薛安甯还没有和郁燃吵过架,但听黄遐说过一点,郁燃生起气来的样子让人挺害怕的。
那说,我不开心。
只说不开心,好像又说得不太直白。
薛安甯很少像这样说一句话要纠结半天,于是最后抿起的唇又缓缓松开,抬眸重新看向郁燃时,说了一句同样别扭的话:“你是不是喜欢做音乐,多过喜欢我?”
“啊?”
郁燃也是轻轻一声,被问愣住了。
四目相对的瞬间,她看见有委屈的情绪在薛安甯眼睛里打转,打结的思绪忽然就被理清。
她就说,自己好像忽略了什么东西。
是的,郁燃太想当然了。
她想当然地以为,薛安甯能猜到。
但薛安甯憋半天就问出这么一句别别扭扭的话。
怎么办呢?
可是生气委屈的时候,也好可爱。
郁燃低下头努力克制唇边牵起的细微弧度,要笑不笑的模样。
被薛安甯瞧见:“你笑什么?”
“没有……”
“什么没有,”她起身走到郁燃身前弯腰去看郁燃的表情,对方目光与她相触的一刹,将脸别往一侧,躲开,还在笑,“哪里没有,你就是在笑!”
薛安甯眼下更生气了,还有点羞恼:“你看着我,我在和你认认真真说话,你在笑什么啊?”
郁燃抿紧唇将笑意都收敛起来,一本正经地看向薛安甯,好一会儿,才重新开口:“嗯,那……对不起。”
那就道个歉吧。
她认真回答:“没有喜欢做音乐多过做你。”
薛安甯:“??你在说什么啊?”
“啊?”郁燃反应了一秒,磕磕巴巴地改开,“对不起说错了,是,没有喜欢做音乐多过喜欢你。”
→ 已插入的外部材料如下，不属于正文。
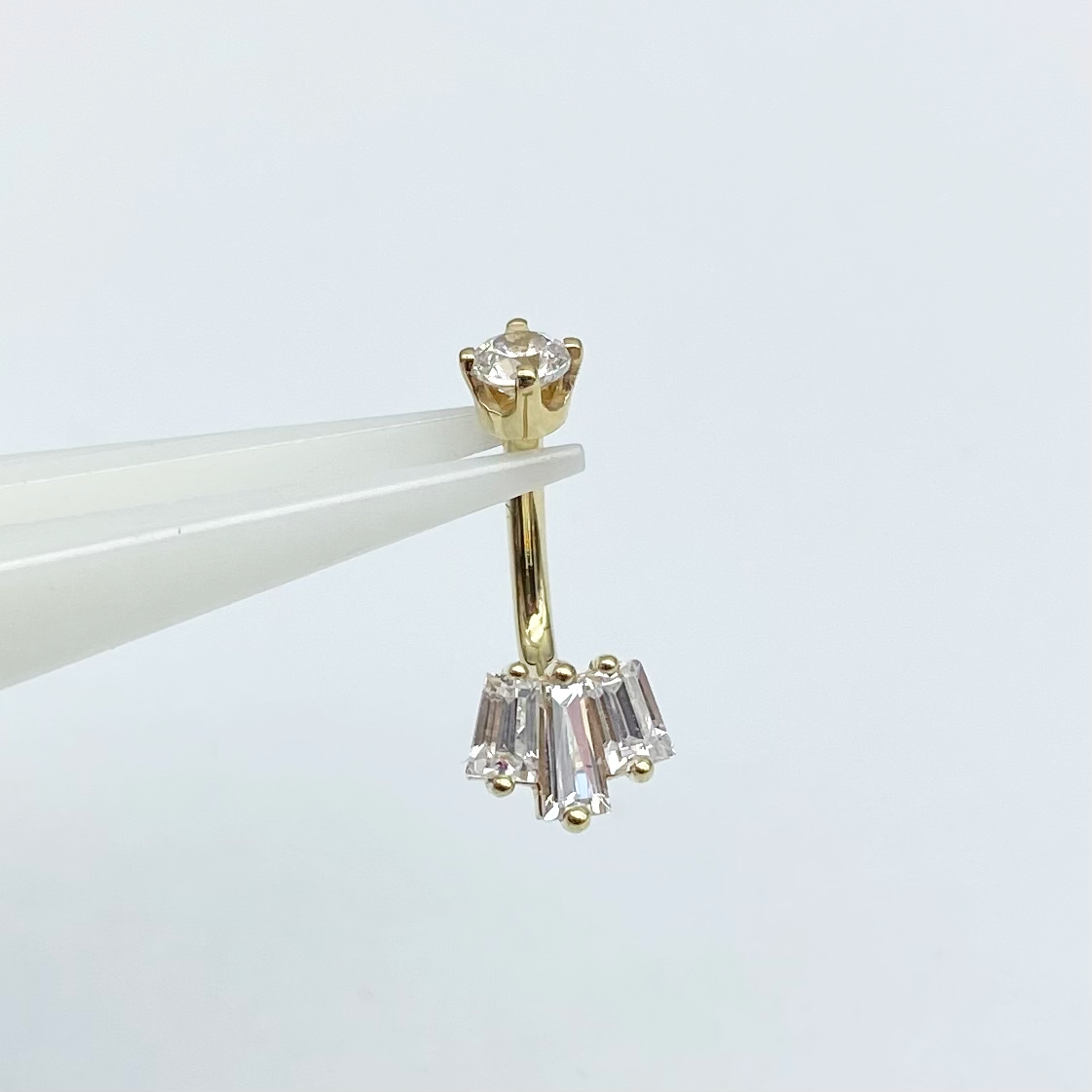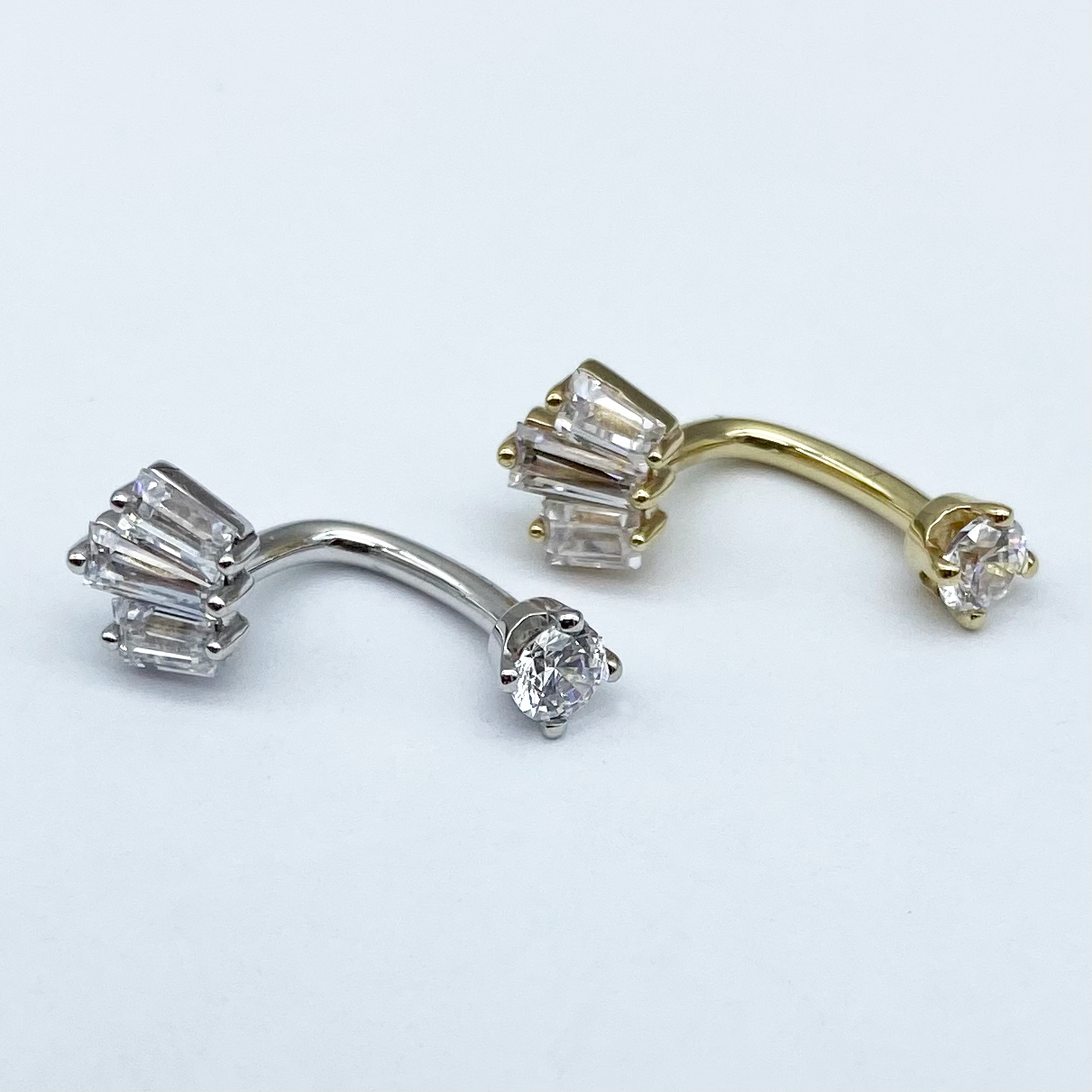 A stunning cluster of three different sized tapered baguette cut gemstones arranged in a subtle arc shape, nested at the bottom of this regal j-curve style barbell. With a 3mm gemstone on top this is the perfect piece to crown your rook piercing.
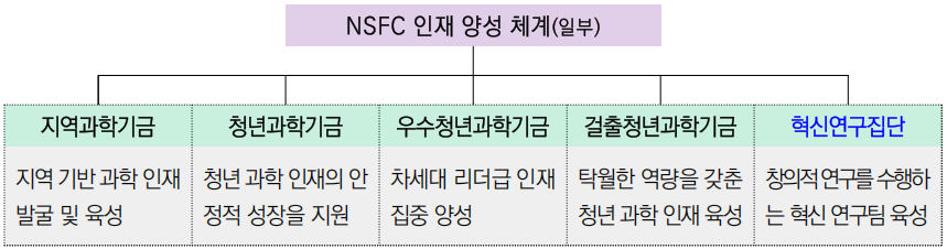 - (과제 명칭 개편) 기존 ‘기초과학센터’ 과제는 ‘탁월연구집단’으로, ‘걸출청년’, ‘우수청년’, ‘청년’ 과학기금은 각각 청년과학기금 A/B/C유형으로 명칭을 조정함

短短一分钟,郁燃说了两句对不起,这辈子的对不起都说给薛安甯一个人听了。
可真要严格论,方才那句话虽然是口误,其实也没说错。
确实是“没有喜欢做音乐,多过做你”。
两人心知肚明,话题已经歪到很远的地方。
原本就没有很紧绷的气氛被这句嘴瓢顷刻间打散,薛安甯又好气又好笑,她都不知道郁燃是不是故意的。
但面前的人,正满眼无辜看向她。
又是一个安静的对视。
这回,互相都笑了。
薛安甯还想再绷绷表情,眼下也已经绷不住了。她单手扶在腰上在原地转了半圈,又转回来,咬唇看向仍旧好整以暇的人:“那我的新年礼物呢?”
还是不太痛快,换个理由找茬。
但这次,却问到了点子上。郁燃意味深长地看了她两秒,用目光轻点薛安甯手上那张歌词纸:“你手上的,不就是吗?”
——啊?
薛安甯有点懵,大脑在很缓慢地转动。
她想到了某种可能,却又不敢相信。
胸腔里有声音开始鼓噪,心跳一点点变快、更快。
郁燃这首新歌,是给她写的吗?
见人半天不说话郁燃直起后腰,手从桌缘松开,装模作样的三个字:“拿去唱。”
“不是你说的吗?”她含着笑意凝住眼前的人,清晰咬字,“想让鱼白写首歌给你,然后大方地说,‘拿去唱’。”
现在,不正在?
真是给她的。
薛安甯低头,用力抿住下唇没让自己笑出声来,但很显然,这种事情很难憋住。
这回轮到郁燃来低头看她了,带笑的声音却用很苦恼的语气在问:“怎么了呢?是不喜欢这个新年礼物吗?要是不喜欢的话那我换一个……”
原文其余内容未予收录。